Paris-Trousseau Syndrome is an inherited disorder, a type of contiguous gene syndrome that is associated with the deletion of the chromosome $11q$. The main cause of the syndrome is the abnormal transcription of the factor $FLI1$. The end portion of the chromosome $11q$ is deleted. This is a type of platelet-related bleeding disorder.

Complete answer:
Paris-Trousseau is a form of thrombocytopenia accompanied by the autosomal recessive inheritance of a DNA binding domain mutation $FL1$.

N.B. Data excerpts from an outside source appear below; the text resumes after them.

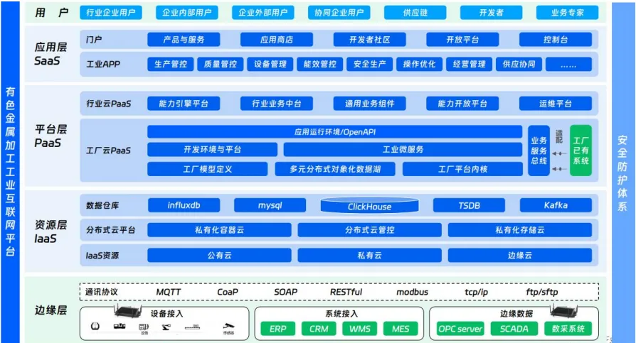 中色科技股份有限公司成立于2002年,现隶属于中铝集团,是我国唯一集有色金属加工行业规划、工程设计、装备研制、科研开发、工程总承包于一体的综合性企业,在大中型有色加工工程设计市场占有率超90%,先后完成20余项重大科研项目,获得400余项省部级及以上奖项。2021年整合设立智能技术公司,聚焦工业互联网平台建设,以“1个平台+2个数字化+1个自动化+101个工业APP”为核心,打造八大数字化应用与八大智能化场景,同时依托本地深厚产业积淀与专业技术团队,赋能本地有色行业企业数字化转型。1.数据可视化应用。构建全厂、车间、设备三级可视化体系,整合销售、库存、能源等八大模块,实时展示订单分布、能耗累积等核心数据,动态监控生产计划、设备状态并预警异常,可视化呈现箔轧机等关键设备OEE指标、轧制参数及健康状态,以多层级数据透明化支撑生产决策。2.设备智慧监诊应用。依托数字孪生与机理、机器学习模型,对铝箔轧机等主体设备开展智慧监诊。通过在电机、减速器等关键部位部署传感器,实时采集振动数据并生成波形图、频谱图,以雷达图直观呈现部件健康状态,实现寿命预测与维护建议推送,破解人工点检时效难题,降低非计划停机风险。3.能效管理应用。基于工业互联网与数字孪生技术,打造全厂能效、智慧空压、智慧退火炉三大模块。通过全介质能耗监测、产供平衡模型构建及大数据分析,实现能源计划编制、供需动态调控与能效对标,为重点用能单元推送负荷优化与参数设定策略,助力企业提升能源利用效率。通过工业互联网平台,部署三级数据可视化、设备智慧监诊、能效管理、安全生产管控等一体化解决方案。生产效率方面,通过设备预测性维护降低非计划停机风险,结合数据可视化优化生产调度;运营成本上,能效管理模块实现能源利用效率提升,能耗降低显著;产品质量依托全流程数据追溯与监控稳步提升;人员用工通过智能化管控减少人工干预,降低劳动强度;安全保障上,AI实时监控与二氧化碳灭火系统联动,事故隐患消除率大幅提高,有效避免安全事故。案例二:安徽楚江科技新材料股份有限公司供应链协同平台基于工业互联网平台搭建备件业务供应链协同平台,平台实现合规化快速采购与供应商自主报价接单,实现备件采购流程化、系统化管理,流程透明度提升,助力企业降本增效。平台服务楚江新材下属9个分厂及800余家供应商,供应商年成交订单超10000单,成交额超1.5亿元。备件采购工作效率提升了一倍以上,采购人员压减少70%,有效保障了生产企业设备平稳运行,降低了企业备件库存。
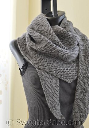 This asymmetrical triangular shawl begins at one corner with some basic increases, decreases, and all Garter stitch. Once the shaping is nicely established (and you've learned the simple increase pattern), it will continue as the columns of teardrop shapes get incorporated.
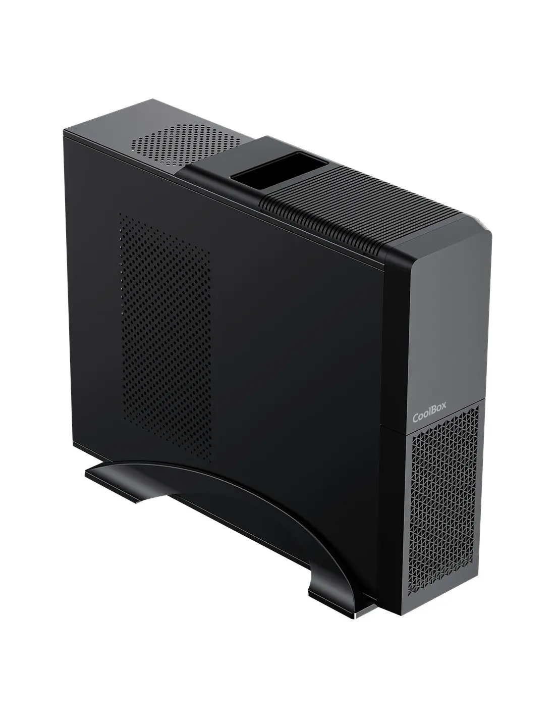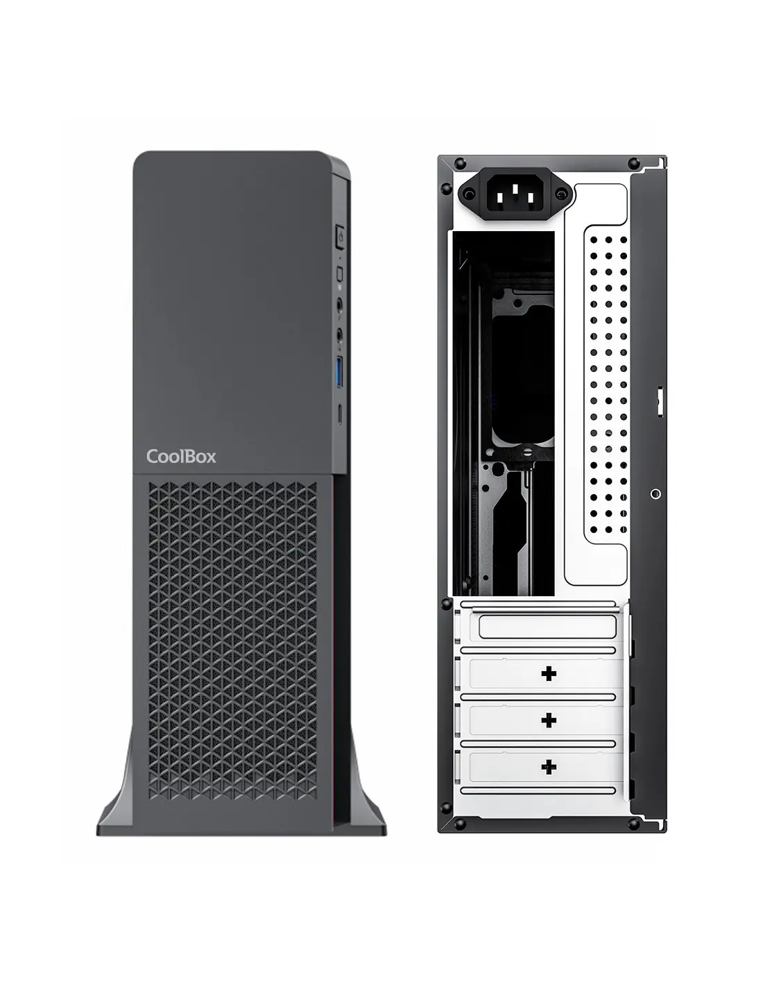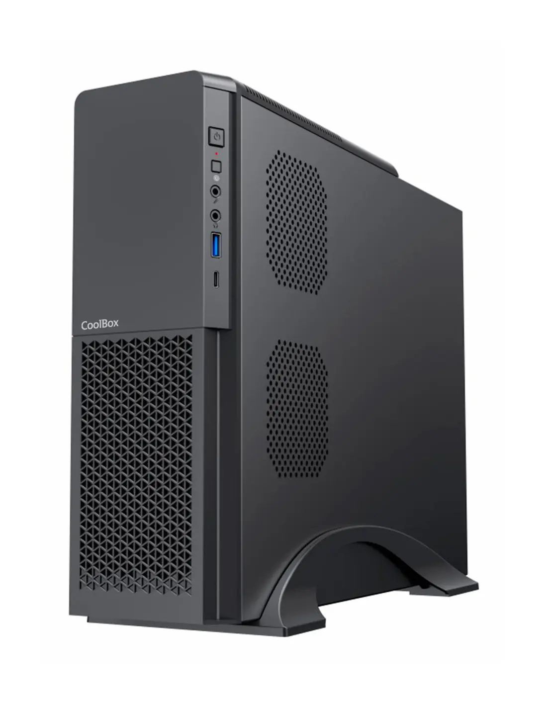 Este chasis puede venir equipado con una fuente CoolBox BASIC-500GR-S de 500W o 300SBZ SFX 80+ Bronze, ofreciendo eficiencia y fiabilidad para sistemas de gama básica o media. Además, incluye opciones de seguridad física como soporte para candado, cierre Kensington y botón de alarma (opcional), ideales para entornos corporativos.

Thrombocytopenia is a condition associated with low blood count in the patient. Paris-Trousseau syndrome includes mild bleeding tendency, thrombocytopenia(that can vary), dysmorphic facies, abnormal large alpha granules in the platelets, and dysmegakaryopoiesis. Dysmorphic facies is a condition of having a wrapped perception of appearance in the face. These include arched eyebrows, low-set ears, and broad nasal roots. Dysmegakaryopoiesis is a type of dysplastic megakaryocyte in the bone marrow. The children affected with this syndrome may have heart defects, neurological impairment, growth delay, and low platelet count. The abnormal functions of platelets in Paris Trousseau Syndrome include prolongation of bleeding time despite normal platelet numbers. The alpha granules of the platelets don't release granules in response to thrombin.

Note:
There is another similar condition occurring due to the loss of the genetic material from the chromosome $11$; this syndrome is known as the Jacobsen Syndrome. The deletion occurs at the long arm (q) of the above-mentioned chromosome. The symptoms include delayed development of motor skills and speech accompanied by cognitive impairment, learning difficulties, compulsive behavior, and a short attention span.